The shares of national income going to capital and labour used to be roughly stable; that old consensus has gone. We are in a Second Gilded Age, in which more and more income is going to a minority of rentiers who are thriving from the proceeds of property physical, financial and intellectual. This has no moral or economic justification. And the inequities are multiplying, as is the resentment. The mixture of anxiety, anomie, alienation and anger is creating a perfect storm, enabling populist politicians to play on fears in order to build support for agendas that have echoes of the ugly aftermath of the First Gilded Age.
Unless a new income distribution system can be constructed or at least the firm beginnings of one the drift to the far right, which underpinned Brexit and the triumph of Donald Trump in 2016, will only grow stronger. I would argue that, as the anchor of a more egalitarian and more emancipatory system, basic income has become a political imperative, which is one of the reasons for writing this book.
About the Book
The book is intended to guide the reader through the arguments for and against the introduction of a basic income as a right, paid in cash (or equivalent) to all individuals regardless of age, gender, marital status, work status and work history.

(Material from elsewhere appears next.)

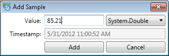 Click the Add button to create the data value for the pen at the given time.
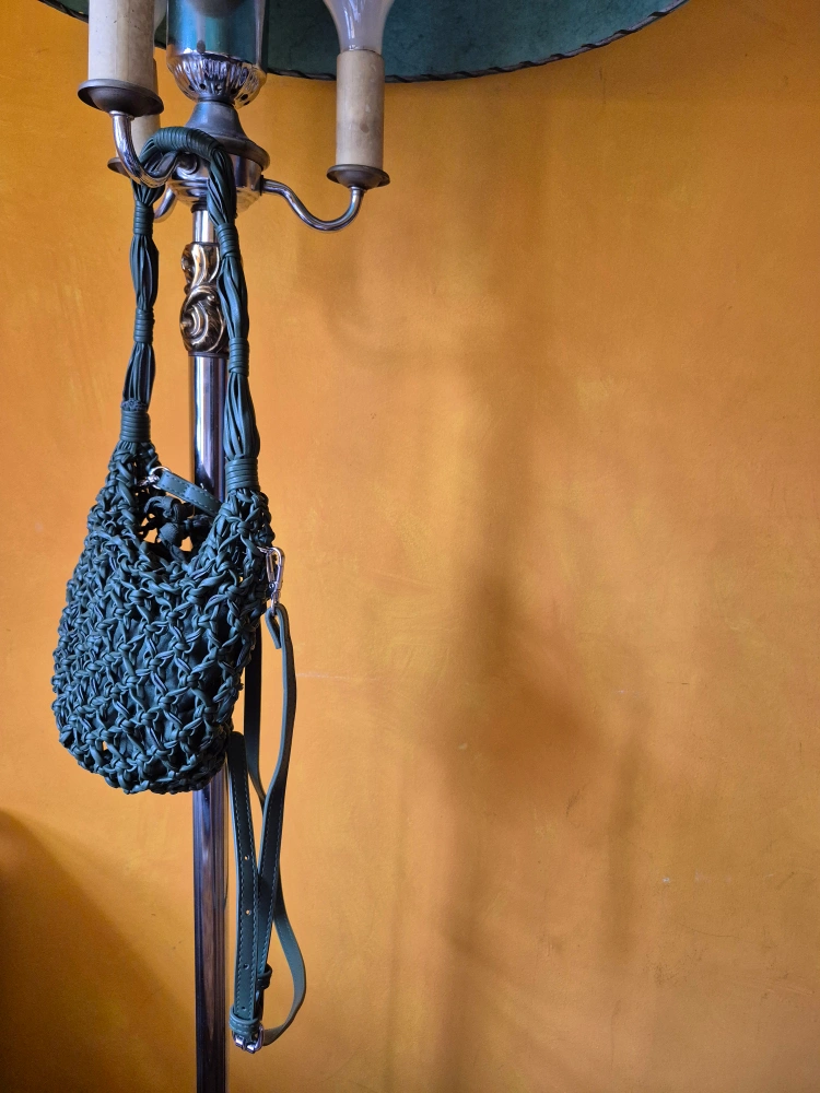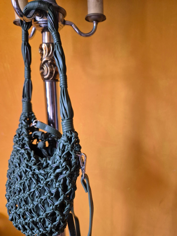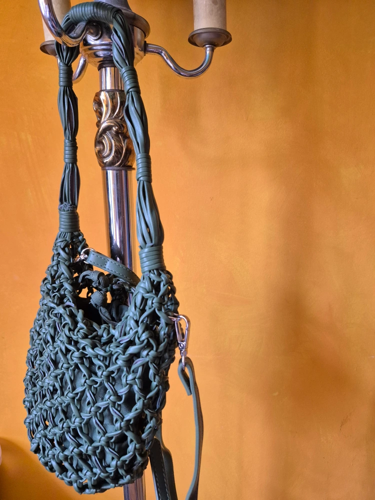 Unique olive green knitted handbag. Features a braided top handle and detachable shoulder strap. Small, lightweight design. Perfect for summer outings

It draws on thirty years of research, advocacy and social activism by many people, and especially on the growth of BIEN, its sixteen international congresses and the hundreds of papers presented at them, up to and including the congress in Seoul in July 2016. As far as possible, I have given references and sources that interested readers can go to for more elaborated discussion.
However, the intention here is to provide an introduction and a reflective guide to the issues. In what follows, I consider what is meant by basic income and discuss the three main perspectives justice, freedom and security that have been used to justify it, as well as the economic rationale. I also deal with the various objections that have been made to it, especially on affordability and the impact on labour supply, and look at the practical and political challenges of implementation.